6. The Practice of Quick Voting

  Innumerable decisions are required throughout a meeting. Whether to include an item on the agenda? Whether to continue or terminate discussion? Which discussion procedure? And so forth. It will be the practice of the group to vote quickly and frequently, by a show of hands, on all these matters. Only the chair can call for a vote, although others may suggest it obviously.

7. Interjections

  A certain level of interruptions, speaking out of order, moans and groans, voicing approval and disapproval, procedural admonitions to the chair, and so forth will be considered normal.

8. Terminating a Meeting

  A meeting is not over until all the items on the agenda have been dealt with and a tentative agenda set for the next meeting. If it becomes impossible to cover the entire agenda that was agreed upon in the time available the chair must reopen the question of the agenda to enable the group to decide what to do about the remaining items. A meeting ends automatically after a tentative agenda has been set for the next meeting. (July, 1975)

----------

Note, 1986. The above was the final version of the document as adopted by the association, which is slightly improved but also somewhat compromised as compared with my original draft.

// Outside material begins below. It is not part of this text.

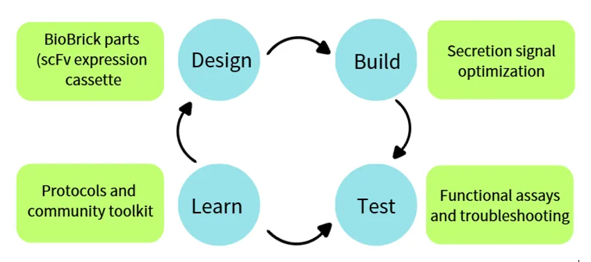 Figure1:wet lab: Design-Build-Test-Learn Cycle and iGEM Contribution

A deleted section of the document read as follows:

Majority-Minority Relations.
Since the majority obviously has no power to coerce the minority to go along with majority decisions, compliance with majority opinions is ultimately a voluntary thing. It view of this situation one danger is that the association will slowly dwindle away as individuals withdraw from participation because of majority opinions with which they have serious disagreements. A second and perhaps greater danger is not that the minority will withdraw but that the majority will withdraw, by abdicating its power, turning over the association to some minority, and defining away its effective voice, and all this by a series of majority decisions. In order to avoid these dangers we therefore resolve to take great pains to ensure a full and open debate in a collective forum on all issues before us, to listen seriously to all points of view, to strive for the widest possible agreements, and to exercise constant vigilance against any attempt, either deliberate or unsuspecting, to deliver decision-making power into the hands of an elite few, be they leaders, representatives, experts, or officers.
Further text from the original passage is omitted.